The state government is taking yet another step towards simplifying the process to secure deemed conveyance, by addressing procedural anomalies and removing unnecessary obstacles.
It has decided that housing societies applying to get their name on the property card will no longer be required to produce records of all previous transactions with respect to the land. Henceforth, it will suffice for them to show the records for only the last transaction.
“Securing deemed conveyance is a herculean process. So, we have decided to simplify this complex and time-consuming procedure,” Balasaheb Thorat, revenue minister, said. “Now, when applying to get the name of the housing society on the property card, the society will not be required to produce all the past transactions records. As per a new government resolution that will be issued in the next fortnight, they will have to produce the record of only the latest transaction.” he said.
The minister pointed out that while the government had issued the deemed conveyance circular to help housing societies, there were many problems in its implementation.
According to the procedure, the application for deemed conveyance passes through four departments. These are the district deputy registrar, stamp duty office, registration and city survey department and the land records department. Each department conducts a separate hearing with the developer, landowner and occupants of the building society.

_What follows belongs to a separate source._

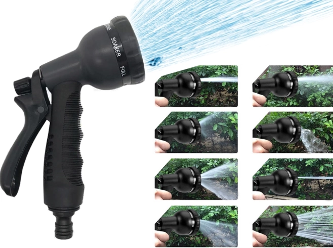 Paket također uključuje multifunkcionalni pištolj za prskanje s osam načina prskanja. Jednostavno zaključavanje okidača pomoću metalne kuke omogućava vam da ravnomjerno distribuirate vodu, bez potrebe za stalnim pritiskanjem. Ergonomska protuklizna drška osigurava ugodno i sigurno držanje.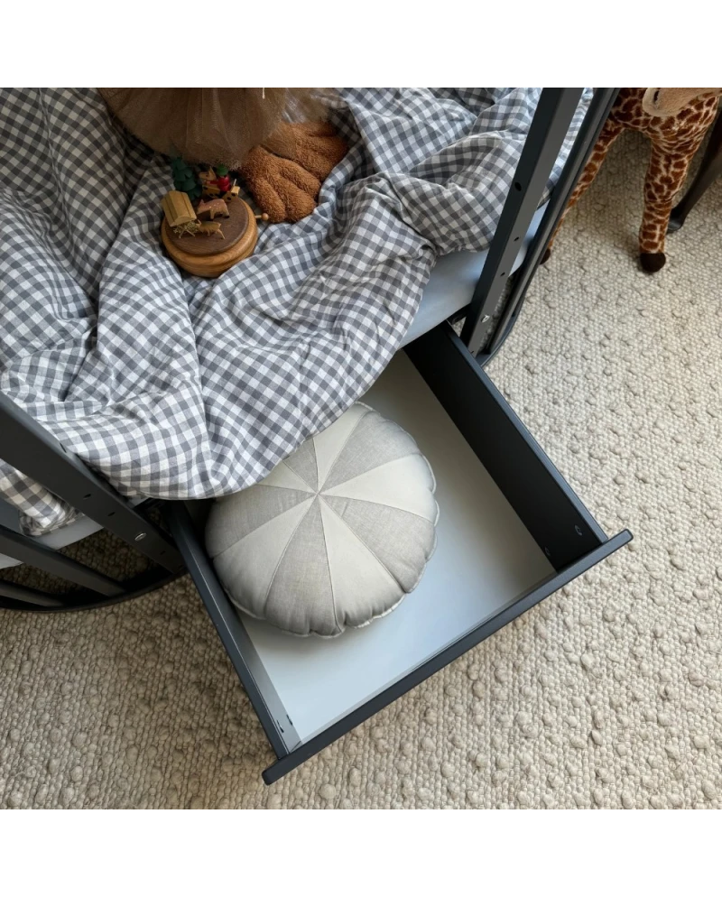 Nachdem du eine der Seitengitter des Kinderbetts entfernt und den Boden auf die gewünschte Höhe gesenkt hast, entsteht ein freier Raum unter der Matratze. Genau hier setzt die Schublade an: Sie füllt den Platz aus und verwandelt ihn in nützlichen Stauraum, ohne zusätzlichen Platz im Zimmer zu beanspruchen.

“Societies were asked to even pay stamp duty on the value of the land, existing fungible and future floor space index. This amount could go up to several lakhs of rupees. And yet they were not certain that they would get the conveyance,” said Ramesh Prabhu, chairman, Maharashtra Societies Welfare Association (MSWA). This tedious procedure and high costs discouraged many societies and flat owners from applying for deemed conveyance.
Now, Prabhu said, chief minister Prithviraj Chavan had ordered officials of all four departments concerned with the deemed conveyance process to sit together in the first 10 days of each month and complete the process by the end of the month. “If this happens, many societies will get deemed conveyance by next year,” he said.
There are about 60,000 housing societies across the state (25,000 of them in Mumbai) that are struggling to get their conveyance and the processing of their applications has been delayed for various technical reasons.
A month ago, DNA reported that the government had done away with the requirement of a no-objection certificate (NOC) from the developer for redeveloping the building or reselling flats. Developers were charging huge sums to give an NOC.